Laporan Kesenjangan Emisi 2023, yang dirilis pada hari Senin oleh Program Lingkungan PBB (UNEP), membawa pesan yang jelas –kecuali negara-negara meningkatkan aksi iklim dan memenuhi lebih dari yang dijanjikan dalam janji mereka pada tahun 2030, dunia akan menuju suhu 2,5-2,9°C atau kenaikan suhu di atas tingkat pra-industri.
Saat menyampaikan laporan dari Nairobi, Direktur Eksekutif UNEP, Inger Andersen, mengatakan, tidak ada orang atau perekonomian yang tidak tersentuh oleh perubahan iklim. Hal ini menggarisbawahi kebutuhan mendesak untuk “berhenti membuat catatan yang tidak diinginkan mengenai emisi gas rumah kaca, suhu global yang tinggi dan cuaca ekstrem.”
“Kita harus menghilangkan kebiasaan lama yang sama,” kata Inger, yaitu ambisi yang tidak memadai dan tindakan yang tidak memadai, dan mulai membuat rekor lain: dalam pengurangan emisi, dalam transisi yang ramah lingkungan dan adil, serta dalam pendanaan iklim.
Untuk kembali ke jalur kenaikan suhu sebesar 2°C di atas tingkat pra-industri, emisi harus dikurangi setidaknya 28 persen dibandingkan dengan skenario saat ini. Untuk mencapai batas 1,5°C diperlukan pengurangan sebesar 42 persen.
Jika tidak ada perubahan, pada tahun 2030, emisi akan menjadi 22 Gigaton lebih tinggi dari batas yang diizinkan sebesar 1,5°C – kira-kira sama dengan total emisi tahunan Amerika Serikat, Tiongkok, dan Uni Eropa (UE) saat ini.
Menjembatani Benua
Pesan Inger Andersen (dari Afrika) mendapat dukungan tegas dari belahan dunia lain, di New York, di mana Sekretaris Jenderal Antonio Guterres mengeluarkan seruan yang kuat kepada para pemimpin dunia.
“Kesenjangan emisi lebih seperti jurang emisi – jurang yang penuh dengan ingkar janji, kehidupan yang hancur, dan rekor yang rusak,” katanya, seraya menekankan bahwa perubahan harus dimulai dari atas.
“Semua ini adalah kegagalan kepemimpinan, pengkhianatan terhadap kelompok rentan, dan hilangnya peluang secara besar-besaran.”
Mengulangi bahwa energi terbarukan tidak pernah semurah atau semudah ini, Sekjen PBB mendesak para pemimpin “untuk menghilangkan akar racun dari krisis iklim: bahan bakar fosil.”
Guterres mengimbau negara-negara untuk berkomitmen menghapus bahan bakar fosil secara bertahap dengan jangka waktu yang jelas sesuai dengan batas 1,5°C.
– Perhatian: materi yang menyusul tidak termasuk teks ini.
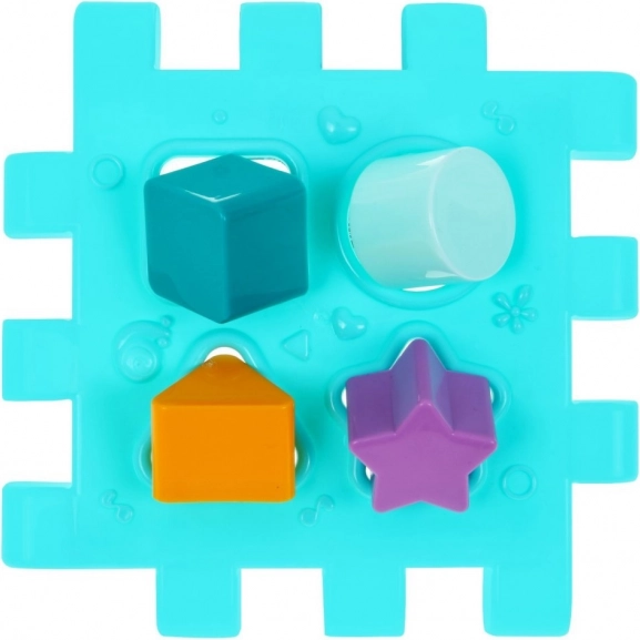 Diferentes aberturas y piezas correspondientes (estrella, cuadrado, triángulo, círculo, cochecito, avión, barquito) enseñan a reconocer formas y desarrollan la motricidad fina.

Untuk negara-negara yang belum melakukan hal tersebut, mengumumkan kontribusi mereka terhadap Dana Iklim Hijau dan Dana Kerugian dan Perubahan Iklim yang baru.
COP28
Permohonan ini diajukan hanya sepuluh hari sebelum konferensi perubahan iklim COP28 di Dubai dimulai, di mana Inventarisasi Global pertama dari implementasi Perjanjian Paris akan menyimpulkan dan menginformasikan putaran Kontribusi Nasional (NDC) berikutnya yang harus diserahkan oleh negara-negara pada tahun ini.
Ambisi global dalam putaran NDC berikutnya harus membawa emisi gas rumah kaca pada tahun 2035 ke tingkat yang konsisten dengan jalur 2°C dan 1,5°C.
Dalam skenario yang paling optimis, ketika semua NDC bersyarat dan janji net-zero dipenuhi, pembatasan kenaikan suhu hingga 2,0°C dapat dicapai.
Namun, janji net-zero saat ini dianggap tidak kredibel: tidak ada negara G20 yang mengurangi emisi dengan kecepatan yang konsisten dengan target net-zero mereka.
Bahkan dalam skenario yang paling optimis sekalipun, kemungkinan membatasi pemanasan hingga 1,5°C hanya sebesar 14 persen.